Fun with Colombian Street Food
When Alex Mitow lived in Miami for five years, he saw firsthand the huge popularity of Colombian street food. A trip to Colombia confirmed his decision to open a place of his own featuring hot dogs imbued with the flavors of Colombia and the edginess of The Big Apple. Choosing flavors that were applicable to an American menu, Mitow created a trippy, Lower East Side venue: Los Perros Locos, loosely translated as Crazy Dogs. His menu, with prices in the $5 to $8.50 range (the high end for the El Puerco: smoked ham, deep-fried bacon, chicharrones, melted Swiss and chipzana — a chipotle and apple salsa), also offers “inside” jokes. Where else can you order “Pablo Escobar,” an all-beef hot dog, salsa de piña, apple-chipotle slaw, potato chips, Kewpie mayo, plus a dusting of perico? “Pablo Escobar was a ruthless drug dealer in Colombia whom the FBI killed in the early ’90s,” says Mitow. ‘“Perico’ is cocaine, but here, it’s cheese.”
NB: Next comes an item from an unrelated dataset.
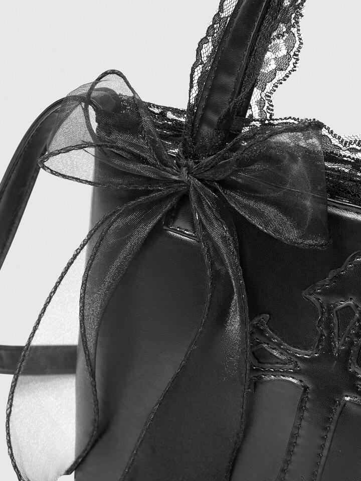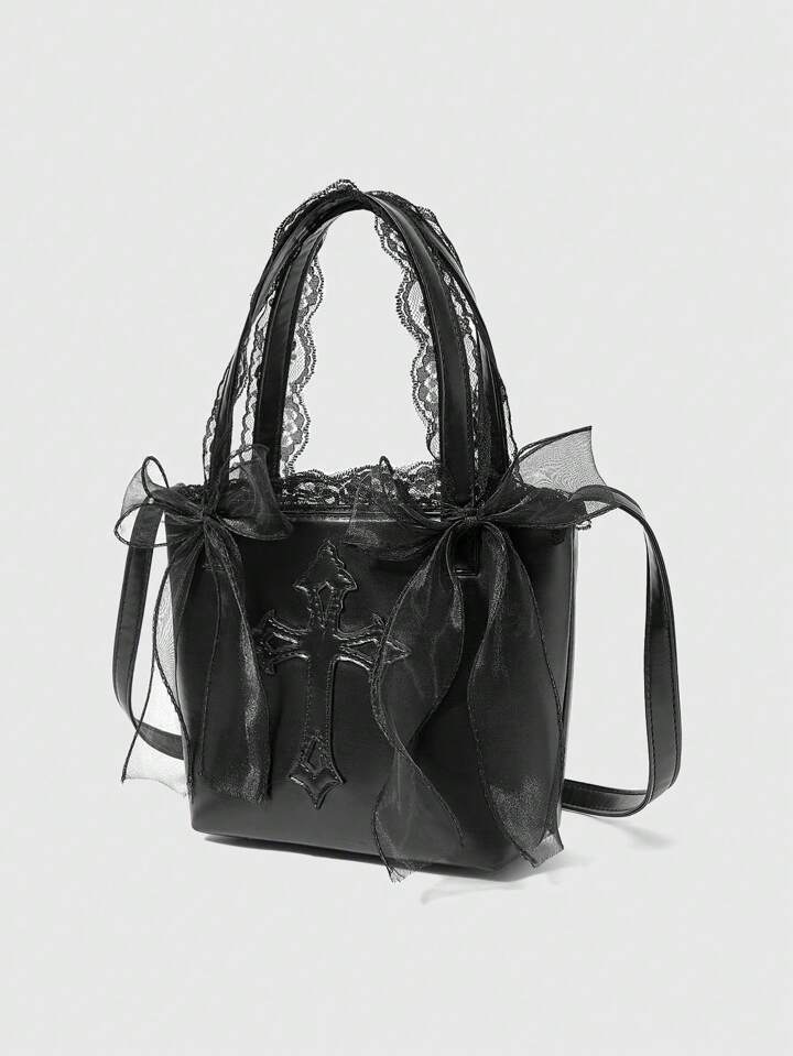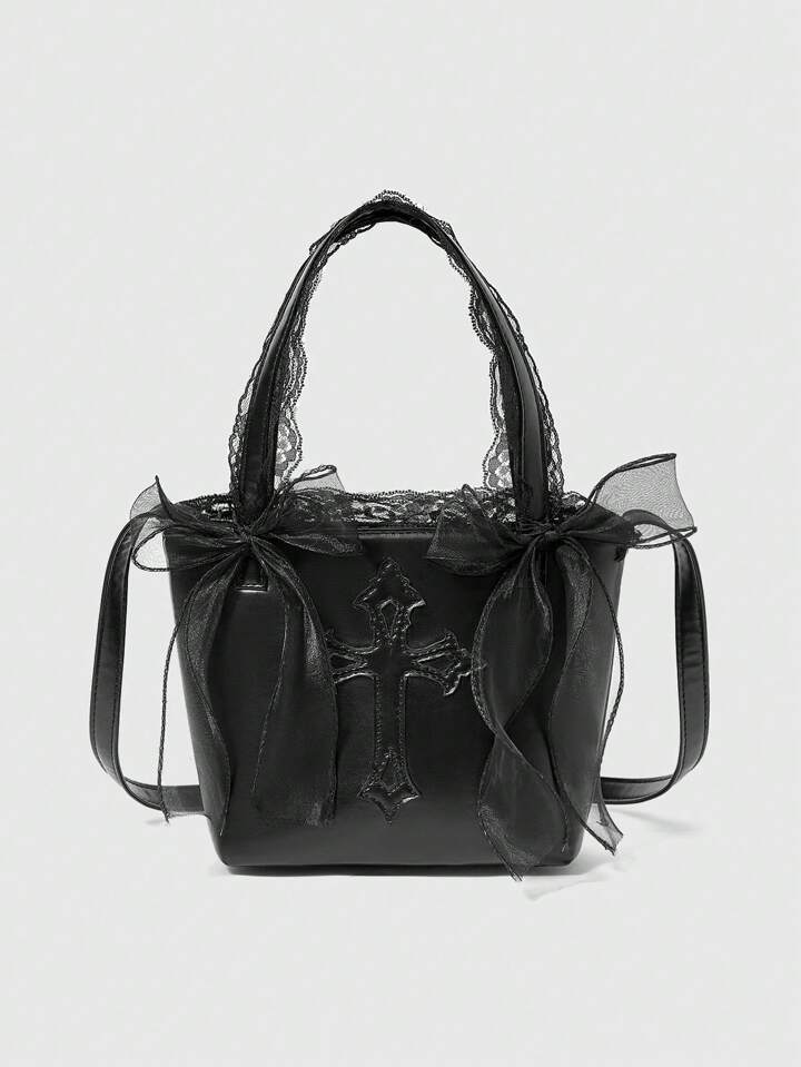Dark Gothic Cross Pattern Portable Storage Tote Bag For Women, Halloween

Under the menu heading “Su-Do” Perros — a play on the word “pseudo” — Mitow offers several sandwiches served on hot-dog buns: Pollo Coca-Cola features chicken thighs marinated in Coca-Cola for 24 to 48 hours, plus pineapple juice, cilantro, garlic, and melted mozzarella, salsa rosado, salsa verde, chipzana and crushed chips. “This item is semi-typical of Colombia,” he says. “We grill it, then add mozzarella while it’s still on the grill.”

Among the New York locals, Amerro-Perro is the most popular menu item. His version of a chili dog, it sports beer- and cocoa-infused beef chili, shredded Vermont cheddar, chipotle kraut, crushed Fritos and chipzana. Mitow’s personal favorite is the Mas Perfecto — a hot dog topped with an apple-chipotle slaw and a quail egg.

In Colombia, salchipapas is among the most popular street food items. Here, it’s an order of waffle fries and sliced all-beef hot dog, poutine style; guests can customize with toppings. “Salchipapas are everywhere in South America, like grape leaves in the Mediterranean,” says Mitow. “We do it differently, using waffle-cut fries and cut-up coin-shaped pieces of hot dog, plus deep-fried Nueske’s bacon.” In Colombia, Peru, Ecuador and Bolivia, salchicha (sausage) plus papa (potato) becomes the french fries with fried hot dog, usually served with ketchup, mayo and chile peppers.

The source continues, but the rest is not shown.